Even if vote dilution through fraud were a viable theory, moreover, the facts wouldn’t substantiate it. The California, Nevada, and Pennsylvania suits all assert that greater availability of mail-in voting will lead to significant fraud. To test this hypothesis, we can look to the states that already send mail-in ballots to all registered voters. In Colorado, Oregon, and Washington, according to a recent study, there were only 372 possible cases of fraud out of 14.6 million mail-in votes in the 2016 and 2018 general elections. This infinitesimal rate of potential fraud—just 0.0025 percent—means that any dilution of lawfully cast ballots is so slight as to be meaningless. It means that even if the law recognized the new claim, it couldn’t get off the ground as an evidentiary matter.
Furthermore, the minuscule amount of fraud that might be prevented by barring states from expanding mail-in voting can’t be considered in isolation. Instead, it has to be weighed against the much larger volume of lawful votes that won’t be cast if people are limited to voting in person. Even in ordinary times, mail-in voting boosts turnout compared with in-person voting. This advantage is even greater in the current era of the pandemic, when in-person voters face unusually long lines and a nontrivial risk of contracting the coronavirus. In legal terms, the higher level of participation made possible by expanded mail-in voting is a compelling state interest for the policy. It’s an interest that more than offsets the smattering of lawful votes that might be diluted by fraudulent mail-in ballots.
Lastly, the hypocrisy of the advocates bringing the new suits is truly galling.

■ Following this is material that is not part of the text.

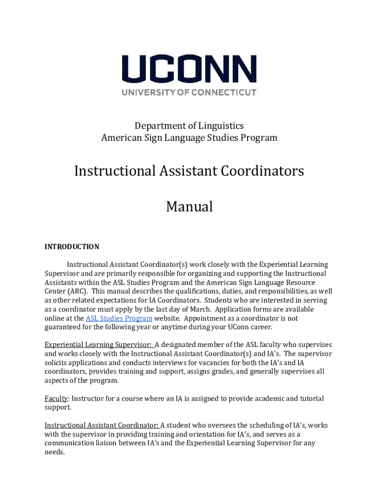 Department of Linguistics American Sign Language Studies ProgramInstructional Assistant Coordinators Manual INTRODUCTION Instructional Assistant Coordinator(s) work closely with the Experiential Learning
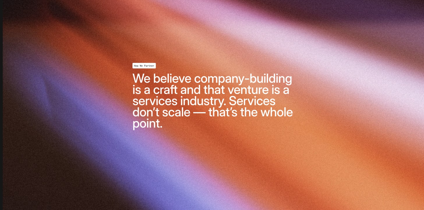 We believe that venture is a services industry, and services don’t scale. Some firms position themselves as engines of scale, while we position ourselves as the opposite. We do things that don’t scale, intentionally: we give our founders tailored resources and attention toward finding product/market fit and getting their company off the ground. This is why founders choose us.

The very same lawyers are heavily involved in conventional voting cases, where plaintiffs attack existing electoral regulations as overly burdensome during the pandemic. But in these cases, the lawyers sing a very different tune, extolling the virtues of action by the elected branches and warning the courts not to interfere. “Questions about how to accommodate voters’ interests while also striving to ensure their safety are best left to election officials,” Consovoy McCarthy partner Patrick Strawbridge told the 8th Circuit in an ongoing Arkansas dispute. Courts shouldn’t “utilize the national emergency created by the Covid-19 virus as a guise to usurp the constitutionally delegated authority of the legislature,” Jim Bopp added in a New Mexico case. Apparently, these views apply when states maintain strict voting rules but not when they relax them. When states try to facilitate voting during the pandemic, the advocates demand the judicial intervention they otherwise denounce.
To date, the new theory of vote dilution through fraud hasn’t made much headway in the courts. A Nevada district court twice rejected the claim, and the California and Pennsylvania courts haven’t yet ruled on it. But given the conservative tilt of the federal judiciary—and the conservative legal firepower behind the theory—it may only be a matter of time before it gains a foothold. If the claim does start winning acceptance, then it will become even harder for states to run their elections without running afoul of the law. States will remain subject to liability if their electoral regulations are too onerous. But they will also be vulnerable to legal challenge if their rules are too conducive to voting, too likely to yield a high turnout. And so the voting wars will become still more intense, ensnaring even states trying to stay out of the fight.